I grew up in a tiny town with one stop light just south of Boston. My dad made sure he enjoyed both breakfast and dinner on a daily basis with the family, rarely missing one of our sporting events, and staying on our grades like a hawk. My mother would not sleep until the laundry was folded to precision, and spoiled my brother and I with the best brown bag lunches in town. During our classic suburban upbringing, strong family values certainly rooted us in our being.
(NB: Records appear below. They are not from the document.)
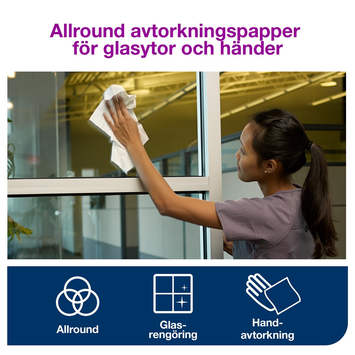 Vitt 1-lags allroundpapper för lättare avtorkning och för handavtorkning. Godkänt för livsmedelskontakt. Bredd 24,5 cm, längd 1000 m. 6,5 kg/rulle.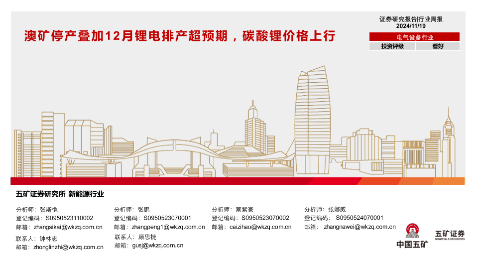 【五矿证券】【20241119】澳矿停产叠加12月锂电排产超预期,碳酸锂价格上行-44页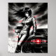 Anime Racing Storm - Female Street Racer in Sumi-e Poster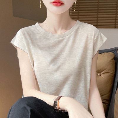 圆领短袖薄款韩版T恤显瘦夏季百搭打底衫小飞袖软糯上衣包袖半袖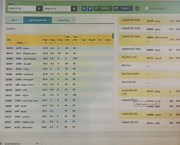 سحرگاه دوم بهمن‌ماه ۱۴۰۴، دمای بی‌سابقه منفی ۲۸ درجه سانتی‌گراد در شهر سراب ثبت شد.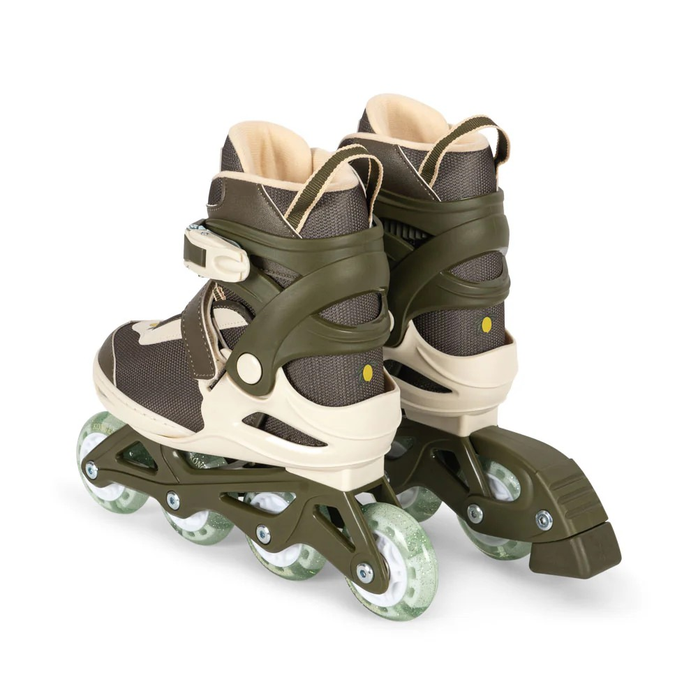 Certifiés CE, ces rollers garantissent une pratique sûre, conforme aux normes européennes. Leur style unique, rehaussé par la couleur vert kaki Kalamata, s’associe à l’élégance naturelle propre à la marque Konges Slojd.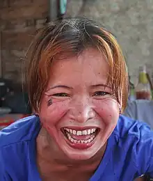 - Fou rire : type de rire incontrôlé, inapproprié et qui dure bien au-delà du rire classique. Il existe une forme de pathologie, le fou rire prodromique, qui est associé à plusieurs syndromes neuropsychiatriques, décrit pour la première fois par Féré[10]. Ce rire pathologique est rencontré après des lésions de certaines parties du cerveau, en particulier l'hypothalamus, le gyrus cortical antérieur ou le lobe temporal. L'acide valproïque en injection intraveineuse peut aussi provoquer cet état de rire prodromique.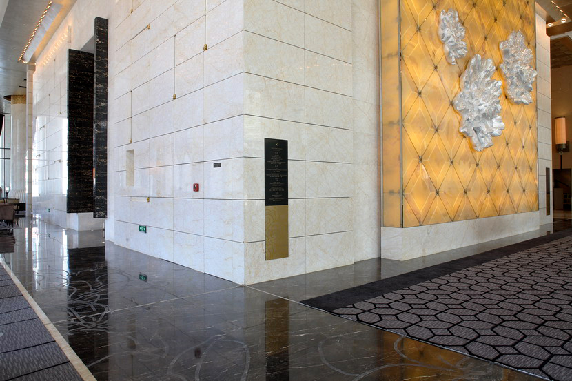 項目概述:北京萬達索菲特大酒店傲居備受矚目的商業(yè)領地CBD核心區(qū),以白金五星級標準打造。酒店延續(xù)索菲特酒店的法式風情,結合極富北京地域特色的裝飾設計,被第四屆中國酒店星光獎評為“中國最佳頂級奢華酒店”。酒店內部裝飾奢華、高雅,多種高端石材的精妙運用,大大提升酒店的品位和檔次。其中,天然石材金蜘蛛和黑金花的完美搭配,堪稱室內設計經典之作!
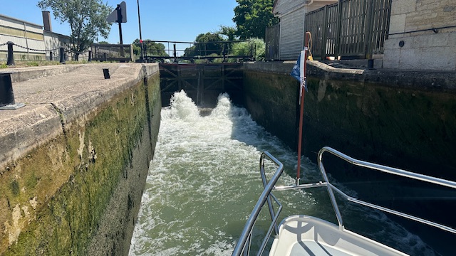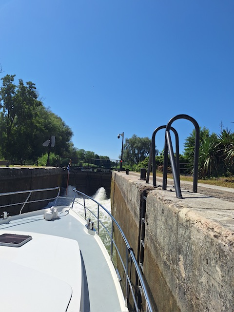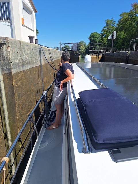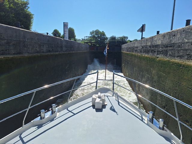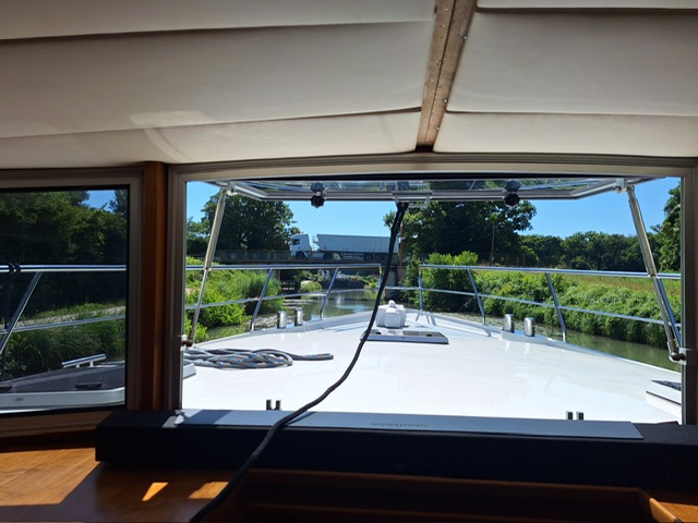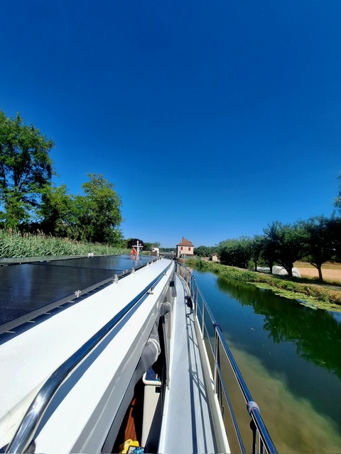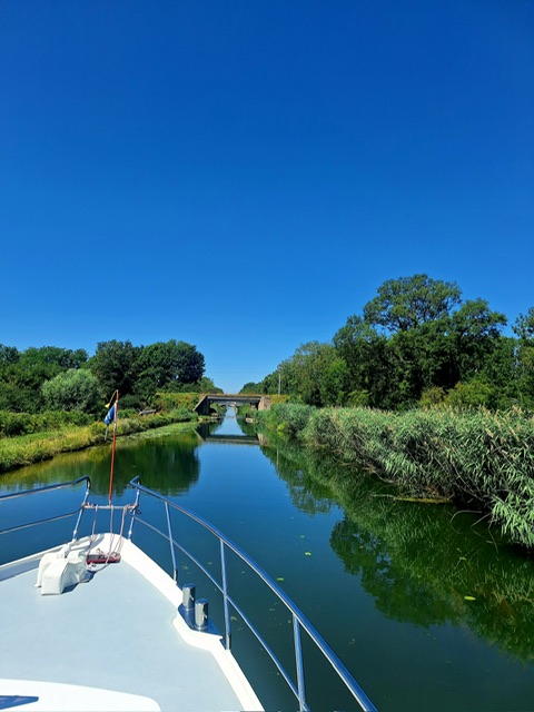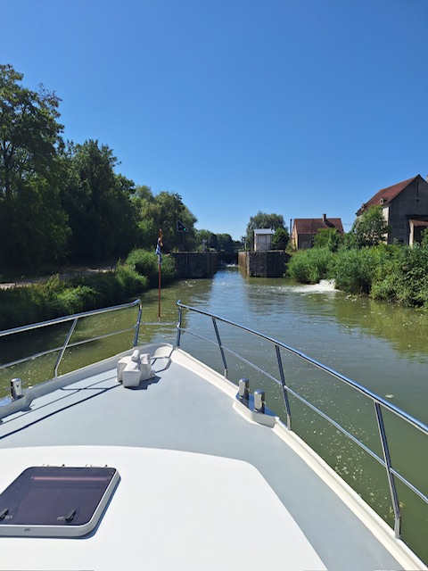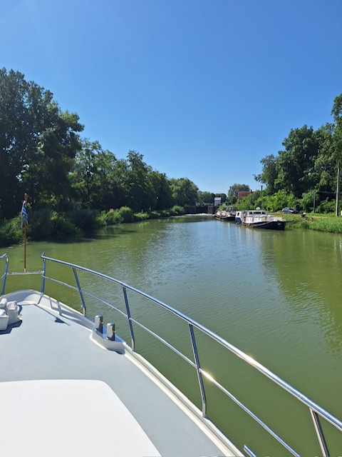 Nachdem alle ausgeschlafen hatten, gabs Frühstück und anschliessend fuhren wir los. Den Rhein-Rhone-Kanal bis Dôle. Beim letzten Mal hatte die Fahrt nach Choisey 3,5 Stunden gedauert. Dieses Mal waren es geschlagene 5 Stunden. Uns war nicht ganz klar woran es gelegen hatte. Und weil es so lange gedauert und es einen freien Platz in Choisey hatte, fuhren wir auch nicht weiter bis Dôle.

After graduating from the University of Michigan, I spent my twenties as a partner in the world of Private Equity. Based out of Connecticut, my real estate investment experience included acquiring posh hotels, urban skyscrapers, regional malls and expansive parcels of land on behalf of institutional investors from the likes of large state pension funds to private endowments like Yale and Harvard to high net worth individuals. During that time, our funds under management grew from $300 million to $3 billion, and our lavish lifestyles grew with it; including private jets, fancy meals and 5-star hotels. At the age of 27, I was a road warrior, cutting multi-million dollar deals with real estate moguls in just about every city in America. At the time, I was not exactly sure what I was learning, but I knew I was seeing and experiencing quite a bit at a relatively young age.

Doug and Genna

In my late twenties, I married one of my best college friends’ younger sister, she was a beaut. Also graduating from Michigan, Genna spent her childhood just north of NYC, experiencing a similarly strong family fabric in a suburban town that seemed to mirror the one that I grew up in. It was uncanny how similarly sheltered our childhoods truly were. Looking back on it, it was actually all very intentional. The suburban communities of Sharon, MA and New City, NY were designed for families to raise their children in a “safe” place, educate their children in a public school setting, and send them off to college to pursue a successful white collar career in pursuit of the "American Dream".

Genna was logging 12 hour days as an industrial designer in a boutique firm in Manhattan when we first started dating. I commuted to see her on weekends after typically spending the work week flying across America. We were living the high life, so it seemed. Collectively, we had plenty of disposable income to enjoy the entertainment of NYC and spent quite a bit of time traveling the world as well.

But time was going by, and as I turned 30, we began to see the writing on the wall. After a month long sabbatical to Southeast Asia and another one to India, we began to seriously question what we were doing and where we were headed. I couldn’t help but notice my colleagues’ lifestyles around me. Many had families, but none could boast daily breakfast and dinner with their young families, as I had so fortunately experienced every day of my childhood. In fact, as a result of many days traveling or late night dinners, my colleagues would often not even see their families for several days at a time. With the hope of having children one day, this didn’t seem like an option for me.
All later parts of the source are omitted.